We have a head start here. In just two past centuries, we have figured out what are the four fundamental forces of nature, which are:
  • Gravitation: The general theory of relativity, interprets gravity as not a force, but effect of curvature of spacetime itself. Einstein proved that gravity is not a force at all. It is the curvature of spacetime. To describe general relativity in short, 'Matter tells space how to bend and space tells matter how to move'. The range of gravity is infinite as it is a property of spacetime itself. Gravity is a weak force, compared to rest of the three forces. However, the evolution of the universe is ultimately dictated by gravity.
  • Electromagnetic Force: This is an infinite range force, which governs almost all changes in nature. Electromagnetic force is what binds atoms into molecules and makes life possible. This force is mediated by photons. Electromagnetic radiation provides an important relic or evidence about origin of the universe, which will be discussed later.
  • Strong Force: This is a very short-range force, which binds the basic building blocks of baryonic matter (quarks) together. This force is mediated by gluons.
  • Weak Force: The weak force is responsible for the phenomenon of radioactivity. This force is mediated by three types of heavy vector bosons (W+, W-, Z). All bosons are force-carrying particles. The weak and electromagnetic forces have been shown to be unified at large energy scales, into a single force, that is electroweak force.
All matter content around us is now known to be made up of 6 quarks and 6 leptons, along with their antiparticles.
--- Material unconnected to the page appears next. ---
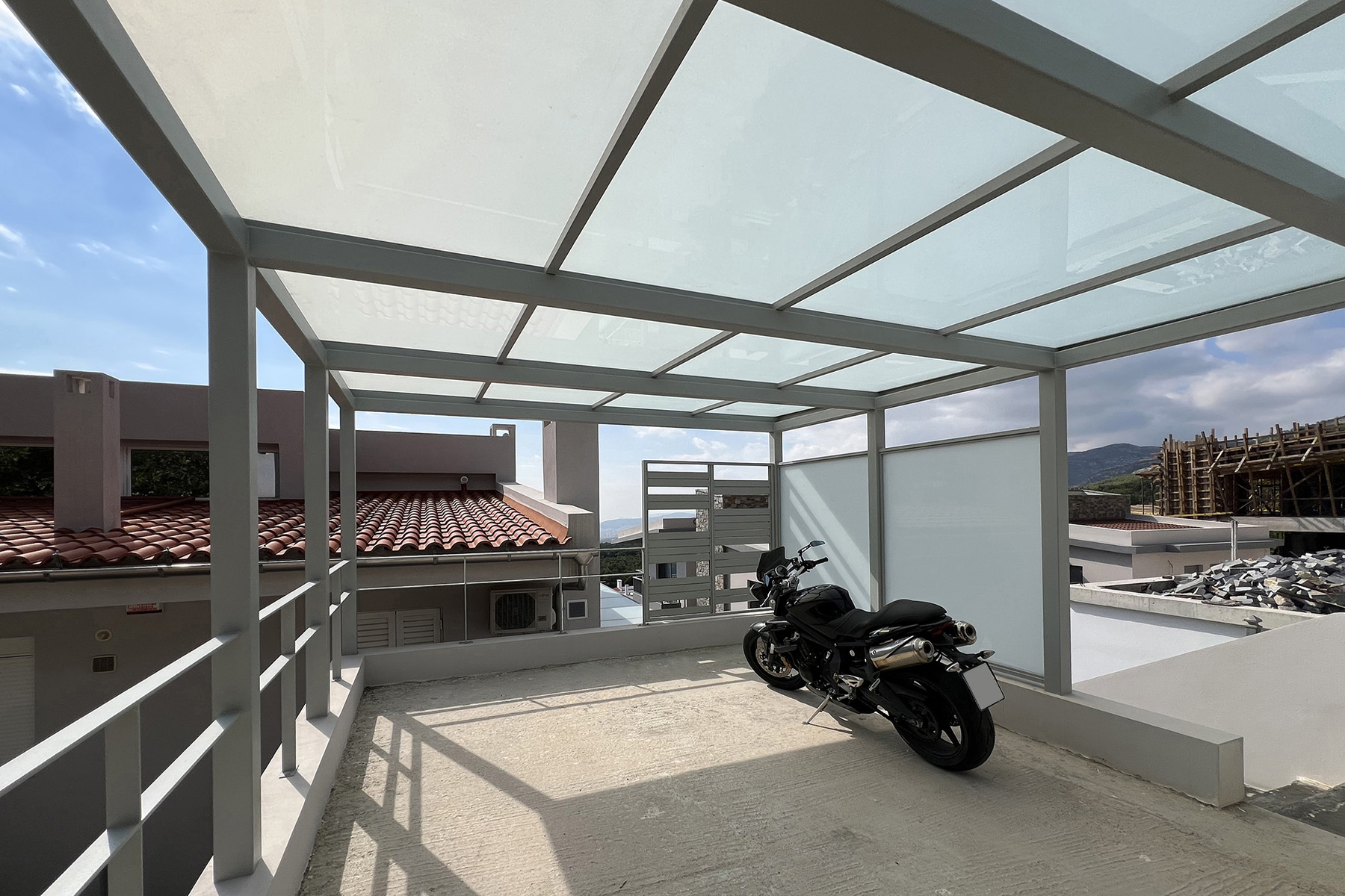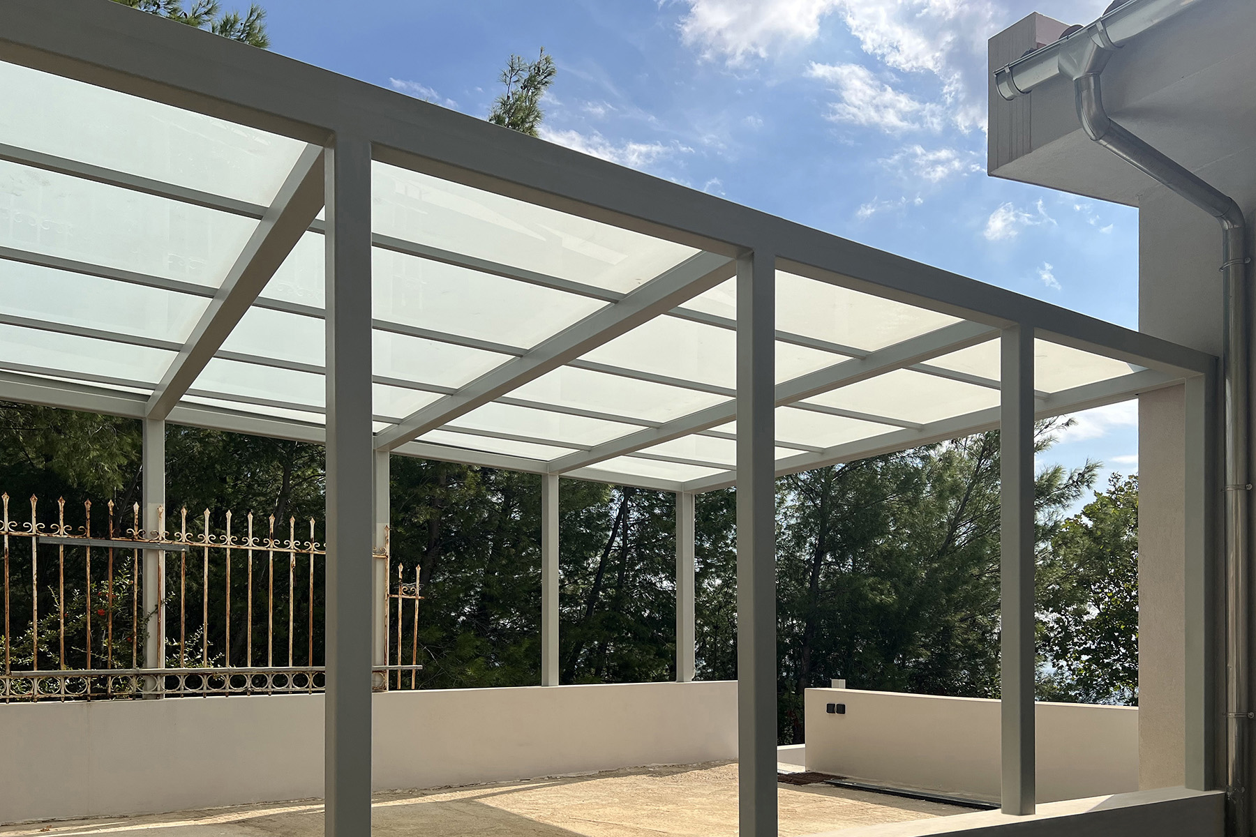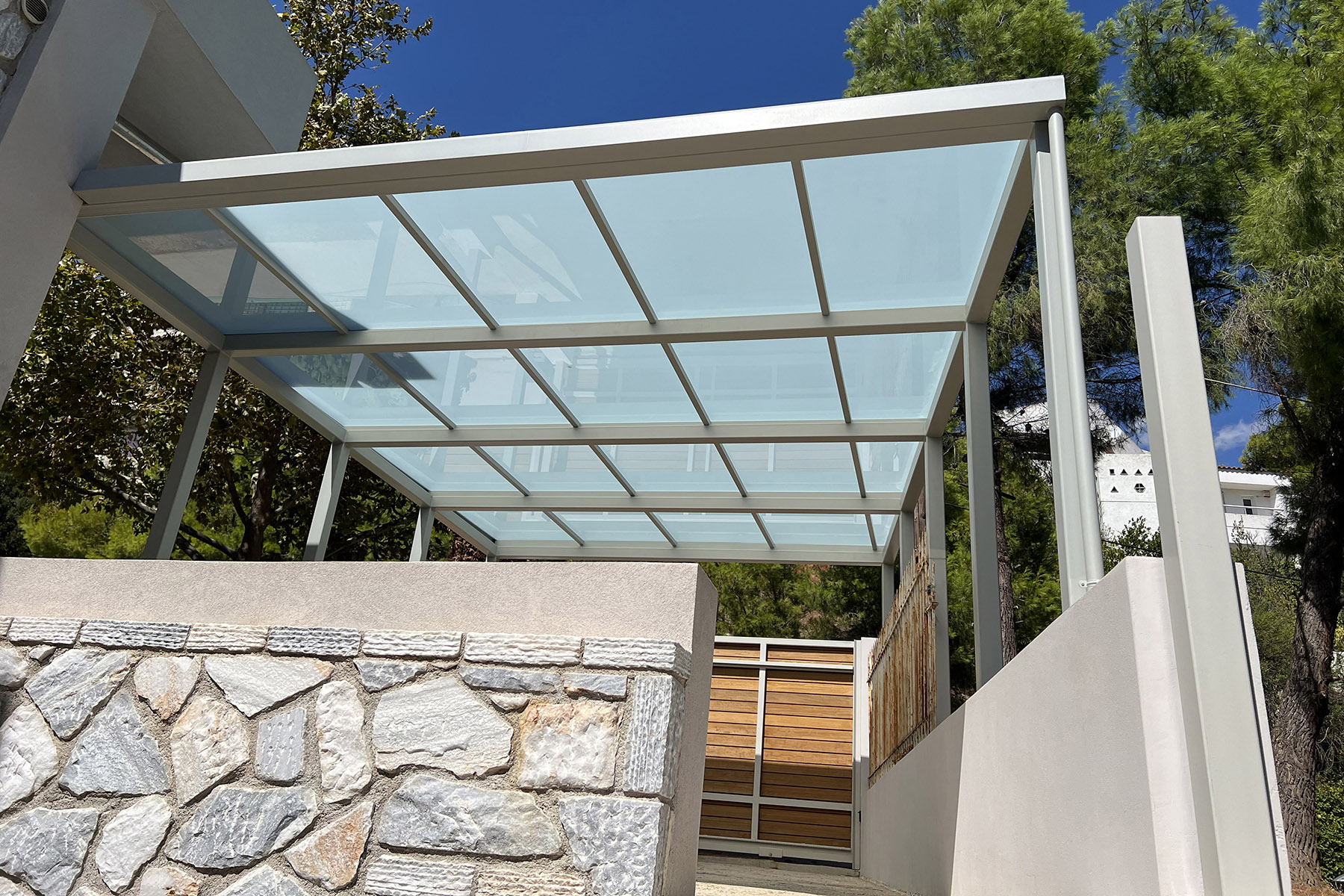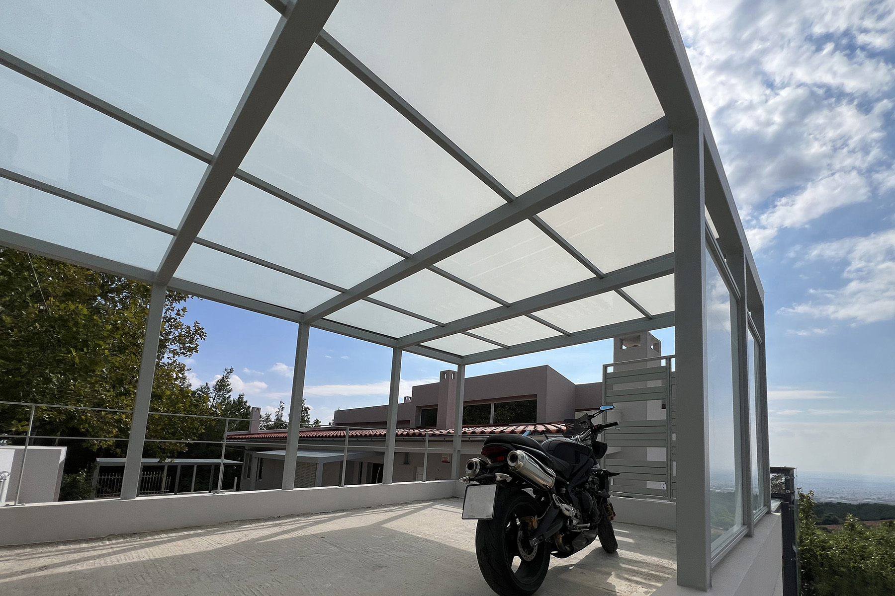 Πέργκολες σε περιβάλλοντα χώρο μονοκατοικίας, με μεταλλικές γαλβανισμένες κοιλοδοκούς και κάλυψη με γυαλί τρίπλεξ ματ.

They are all bound together by the four forces mentioned above. (Antiparticles are particles with same mass as normal particles, but opposite charge. The antiparticle of the electron is the positron, which is an electron with a positive charge. When a particle and antiparticle are brought together, they annihilate to release pure energy.) So, we know the players on the stage of the universe and we know the interactions between them.
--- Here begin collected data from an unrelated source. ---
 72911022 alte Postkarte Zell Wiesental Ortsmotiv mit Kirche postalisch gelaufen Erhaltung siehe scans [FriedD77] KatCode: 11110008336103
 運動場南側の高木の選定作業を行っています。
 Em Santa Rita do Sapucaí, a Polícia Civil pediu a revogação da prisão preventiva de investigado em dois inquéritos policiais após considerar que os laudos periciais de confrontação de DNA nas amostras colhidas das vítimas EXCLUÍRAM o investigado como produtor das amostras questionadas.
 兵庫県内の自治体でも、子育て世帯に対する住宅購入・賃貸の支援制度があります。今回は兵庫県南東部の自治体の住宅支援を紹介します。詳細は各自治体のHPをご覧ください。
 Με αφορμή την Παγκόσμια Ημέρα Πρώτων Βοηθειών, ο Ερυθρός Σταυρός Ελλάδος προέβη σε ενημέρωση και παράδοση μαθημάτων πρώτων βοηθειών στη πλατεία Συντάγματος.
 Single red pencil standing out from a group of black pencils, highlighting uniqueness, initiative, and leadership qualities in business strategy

Knowing the fundamental forces very well, doesn't make our problem any easier. Just as knowing the rules of chess, does not make you a Kasparov, similarly, knowing fundamental physical laws does not mean that we understand everything. These basic laws applied to gargantuan collections of particles show even more complex behavior.

Step 2: Observe the Current State of the Universe

Next step is observing the current state of the universe, in as much details as possible. To know what the universe was before, we need to understand what it is now. This is essential, if we want to construct a coherent picture of its past. This includes developing tools like telescopes to gather information through various bands of electromagnetic radiation (Visible, X-rays, Gamma, Radio, and Infrared). Calculating distances of objects like stars and galaxies, as well as knowing their composition is an important part of this exercise.
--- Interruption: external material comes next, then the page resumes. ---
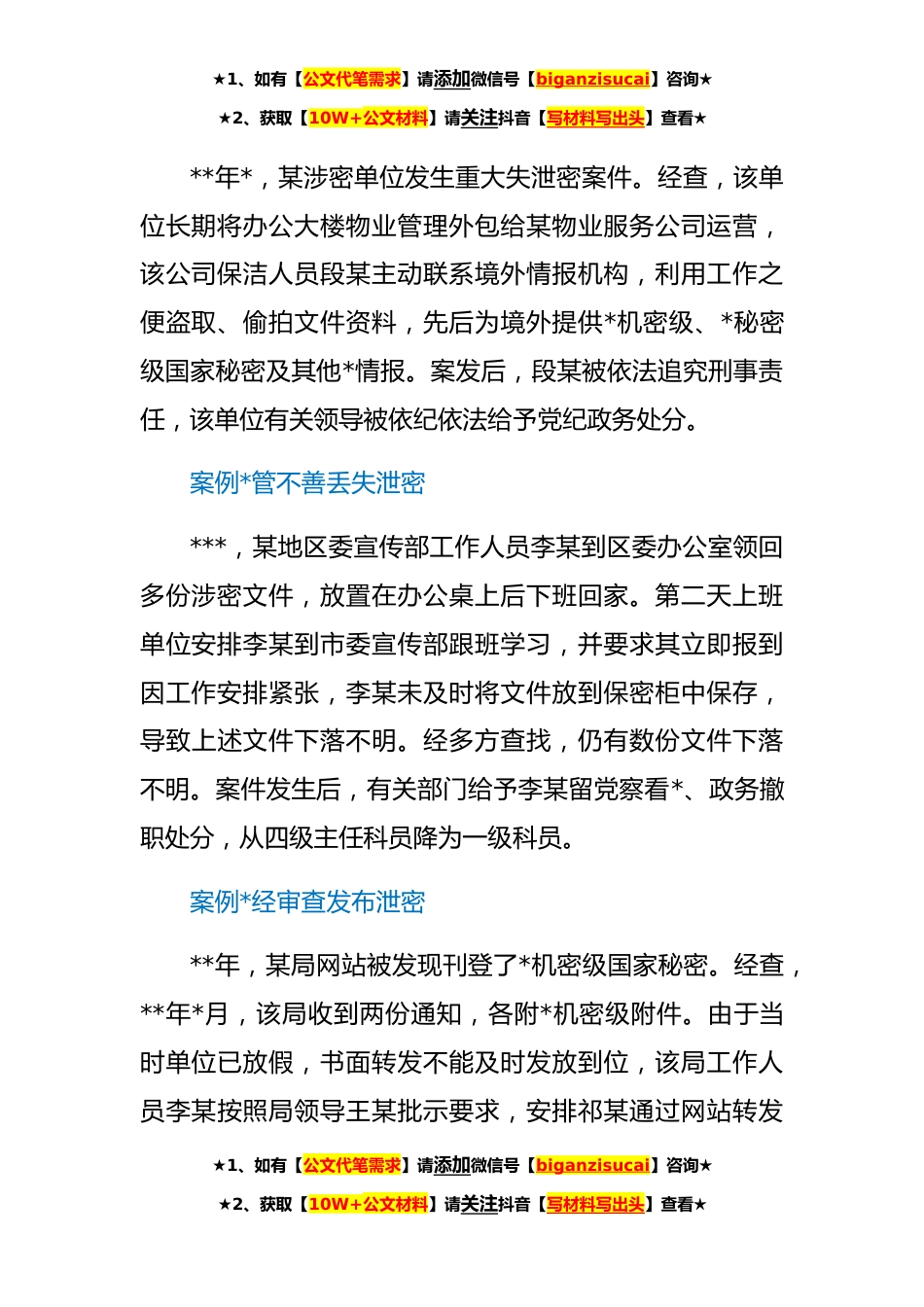 ★1、如有【公文代笔需求】请添加微信号【biganzisucai】咨询★★2、获取【10W+公文材料】请关注抖音【写材料写出头】查看★剖析典型案例提升保密意识随着信息化的快速发展,泄密的途径越来越多,特别是*泄密呈高发频发态势,可以说是疏忽一闪念、失密一瞬间、后悔一辈子。为进一步提高全体党员的保密意识,近期,市国家保密局在网上搜集整理了部分典型泄密案例,对*群和疫情期间的保密管理提出要求,供大家传达学习,并举一反三,引以为戒。一、典型泄密案例案例*酬优厚拍照泄密**年*,*岁的张某在*上添加了一个自称“记者”的人。此人以需要新闻报道材料为由,请张某为其提供军舰照片张某被优厚条件吸引,想方设法进行拍摄。在境外间谍机关的指使下,张某设法进入某军工企业。到**年*被采取强制措施时,张某已向...
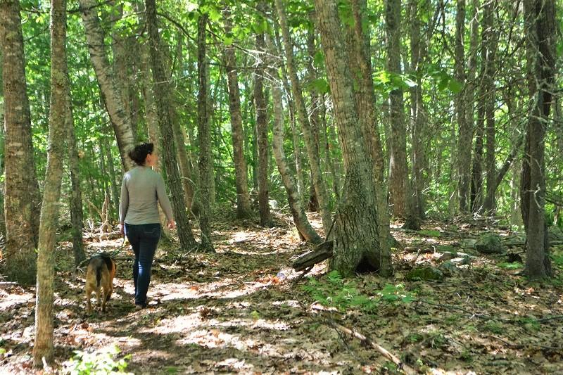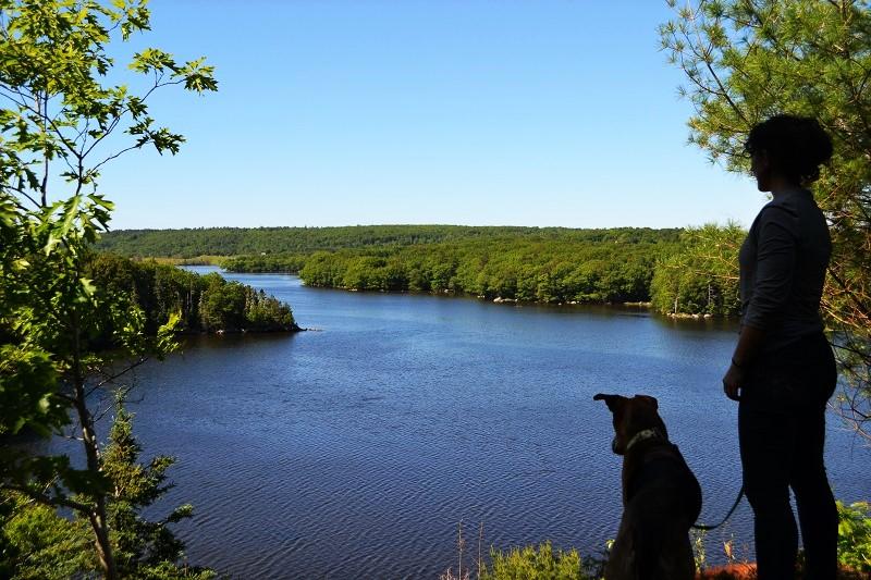 This pleasant and easy walk offers varying topography. From the trailhead, the Oaks Trail travels 0.3 miles though the woods, where it meets up with with the Pine Trail to the left (west) and the Erratic Trail to the right (north). Either of these trails may be taken to form a loop out to the 0.2 mile long Bluffs Trail. Elaborate stone work leads up to the bluff, and upon reaching the bluff there are incredible panoramic views of the Bagaduce River. A hike out on the Oaks Trail, looping around the Bluff Trail, then returning back on the Oaks Trail, makes for a hike of about 1 mile.

Step 3: Set the Clock Back in Time (Extrapolate Backwards and Simulate)

Once we know the current state of the universe in vivid detail and dynamical laws that change it, we can quantitatively model and reconstruct its past. That is, we set up differential equations that relate the dynamic quantities in the universe (including space, time, matter, and radiation) and turn them back in time, to model the past. Ideally, we would like to come up with a theory that explains the origin of the universe, from first principles. However, that is not possible, as we face theoretical limitations and complexity. So, we assume a set of initial conditions of the universe and run simulations on computers, that will create the kind of universe we live in.

This is what is studied in cosmology, which is a branch of physics, based on general theory of relativity. Cosmologists work with what is called parametrized cosmology. It creates a library of possible universes, which could be created from a given initial set of conditions. Of course, the backbone of such a simulation, is a model of our universe based on general theory of relativity, called the hot big bang model. Now, let us get to the brass tacks and confront our question and see how big bang theory answers it.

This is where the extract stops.